Hornady Superformance 73gr ELDM (G1 .398, Length 1.046" advertised @ 2935fps)
2751, 2826, 2821


As you can see all were significantly slower than advertised with the Federal and Hornady being closest to "As advertised".

All 4 shot 1" or better 3rd groups at 100 yards. BOTH Win and Fed 64 shot the same POI. The Hornady was within an inch and the Win BST was 2" high (and 300+fps faster)

I've run the Hornady Superformance to 400 yards with my 1-6x BDC to learn my holds and it was very, VERY consistent. I was shocked at the deviation in velocity BUT it could be a fluke as even a small amount of that Hornady powder would cause some swings. More testing.

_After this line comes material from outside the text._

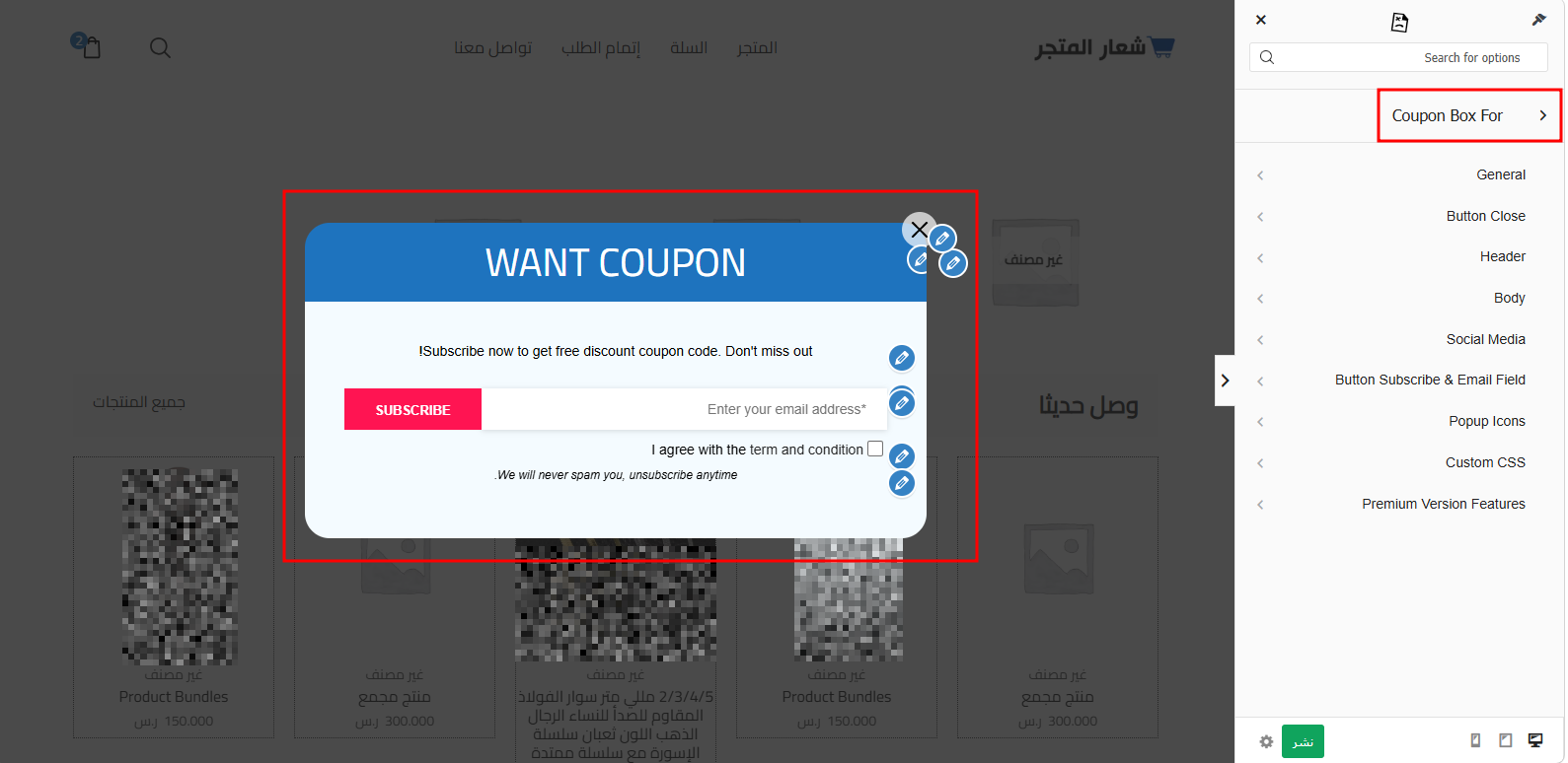 لعرض شكل صندوق الكوبون قبل أن يقوم الزائر بالاشتراك. - Show coupon after subscribing

TERMINAL- The Hornady is the only one of the four that I have tried on game--The 73gr ELDM absolutely crushed my biggest free range buck ever about two weeks ago, left a fantastic, Stevie Wonder bloodtrail for 30 yards-- 200 yard shot (impact velocity around 2350fps and 875ft/lbs) I then smoked two small 75lb pigs on the way out both of which were headshot and DRT @ 25 yards.

The Federal 64gr BSB (a Nosler bullet BTW) is a law enforcement favorite and has favorable reviews and gel/barrier test results-- given the accuracy it provided and solid velocities I wouldn't hesitate to use it on deer or eating size pigs.